From the very first line of the records through the line that contains "WAL-01 Waldorf Club", repeat everything exactly except the pictures, and add nothing.
__________
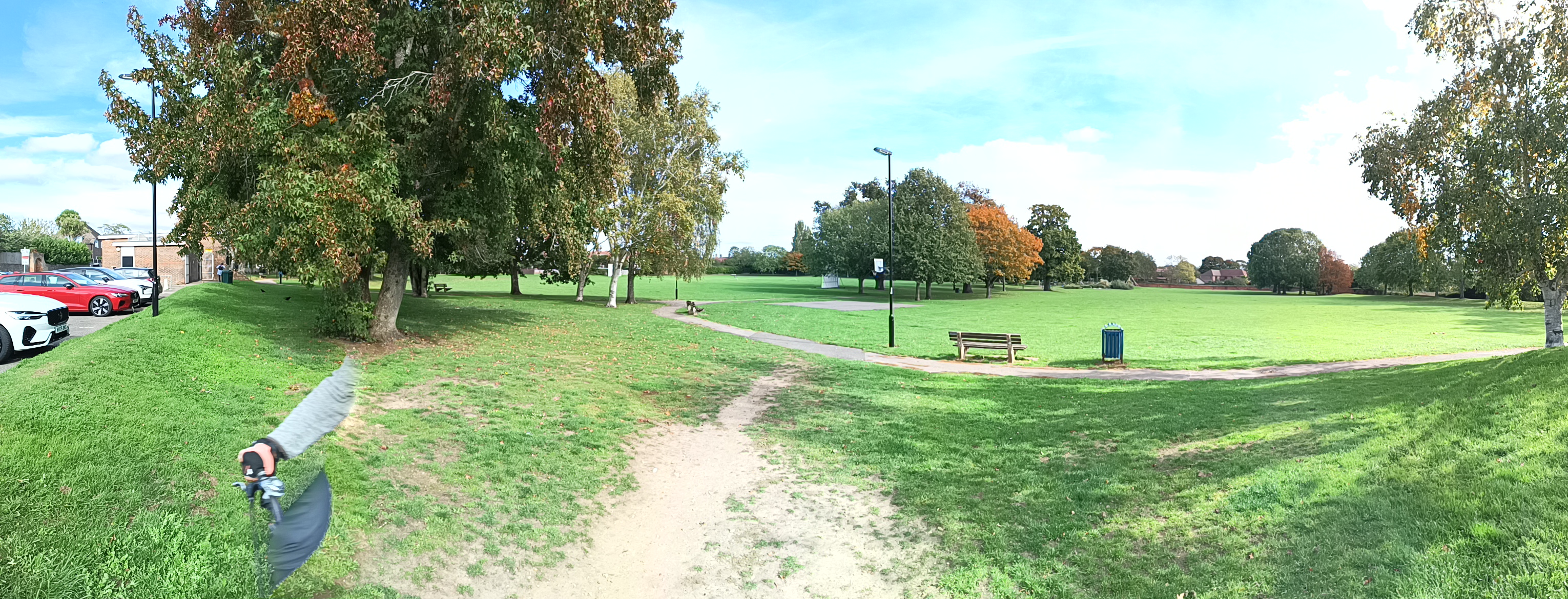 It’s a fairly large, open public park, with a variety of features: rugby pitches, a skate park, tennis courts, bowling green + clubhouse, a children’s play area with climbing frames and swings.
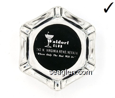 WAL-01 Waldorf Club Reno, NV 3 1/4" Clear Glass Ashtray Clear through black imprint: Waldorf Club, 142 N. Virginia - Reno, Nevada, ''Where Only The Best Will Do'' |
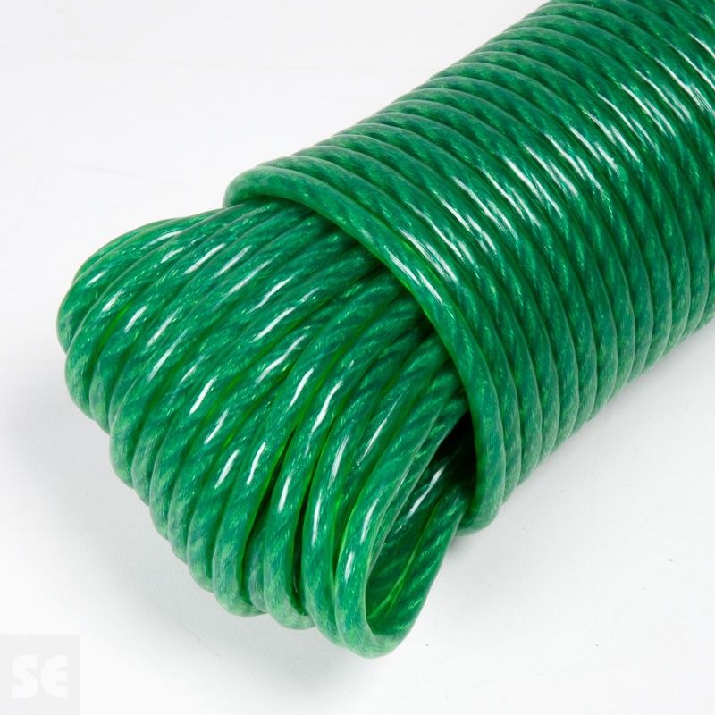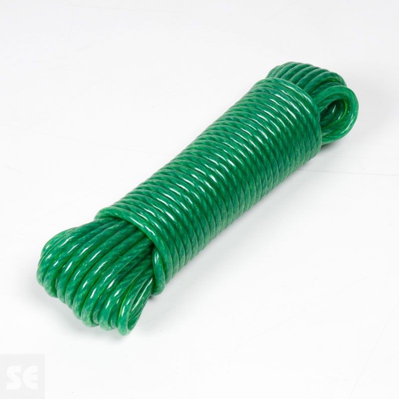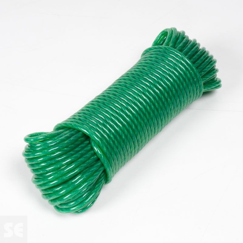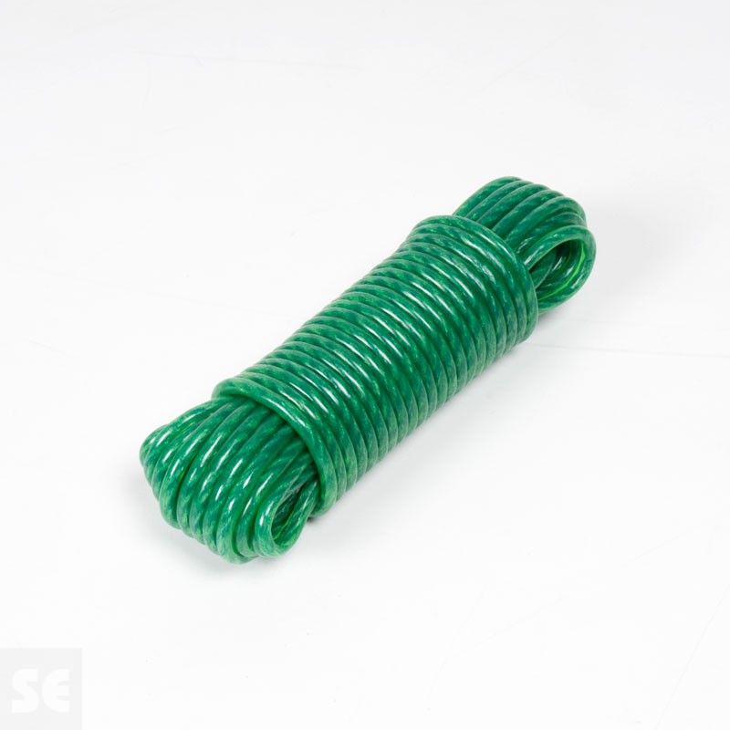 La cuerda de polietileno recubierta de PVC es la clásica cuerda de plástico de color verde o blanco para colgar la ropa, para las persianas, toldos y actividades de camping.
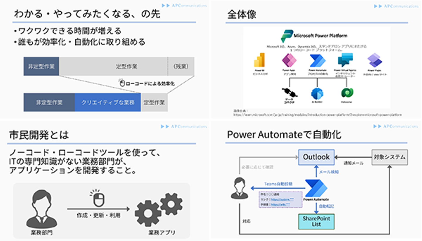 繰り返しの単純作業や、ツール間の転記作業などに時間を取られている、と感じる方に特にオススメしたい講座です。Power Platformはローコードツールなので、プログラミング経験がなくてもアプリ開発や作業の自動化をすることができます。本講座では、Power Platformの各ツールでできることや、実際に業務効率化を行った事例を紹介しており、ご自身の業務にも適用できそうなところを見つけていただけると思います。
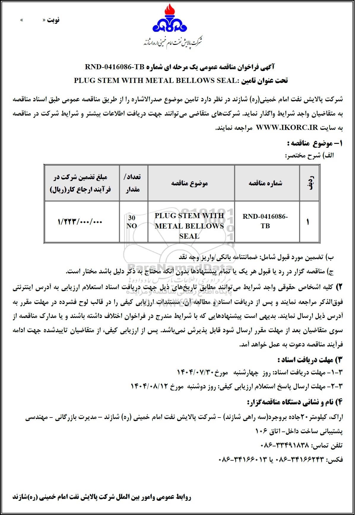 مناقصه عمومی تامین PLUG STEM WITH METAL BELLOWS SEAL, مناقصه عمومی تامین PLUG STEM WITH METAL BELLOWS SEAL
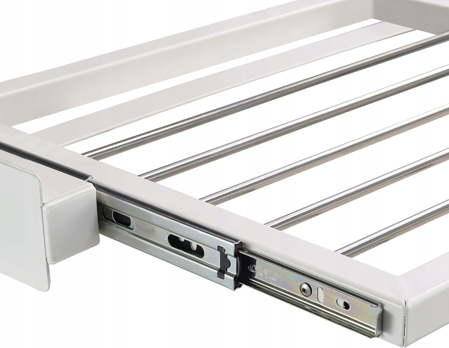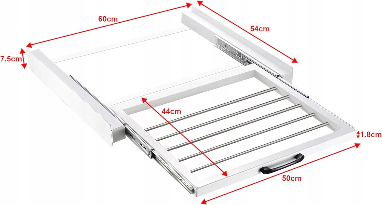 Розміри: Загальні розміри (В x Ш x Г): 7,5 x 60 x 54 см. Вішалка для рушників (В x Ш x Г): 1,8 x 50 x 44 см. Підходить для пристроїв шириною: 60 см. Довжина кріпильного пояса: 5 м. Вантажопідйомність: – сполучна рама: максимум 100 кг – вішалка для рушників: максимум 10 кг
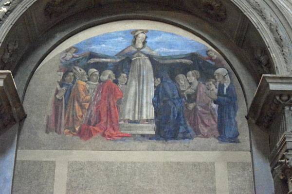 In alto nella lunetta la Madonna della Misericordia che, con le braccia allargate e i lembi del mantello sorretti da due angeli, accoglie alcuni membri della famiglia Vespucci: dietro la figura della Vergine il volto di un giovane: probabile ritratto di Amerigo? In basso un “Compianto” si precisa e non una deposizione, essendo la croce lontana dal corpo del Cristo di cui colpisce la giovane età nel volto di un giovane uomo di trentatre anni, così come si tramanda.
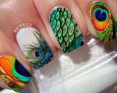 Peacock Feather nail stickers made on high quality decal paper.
__________
Response
 It’s a fairly large, open public park, with a variety of features: rugby pitches, a skate park, tennis courts, bowling green + clubhouse, a children’s play area with climbing frames and swings.
 WAL-01 Waldorf Club Reno, NV 3 1/4" Clear Glass Ashtray Clear through black imprint: Waldorf Club, 142 N. Virginia - Reno, Nevada, ''Where Only The Best Will Do'' |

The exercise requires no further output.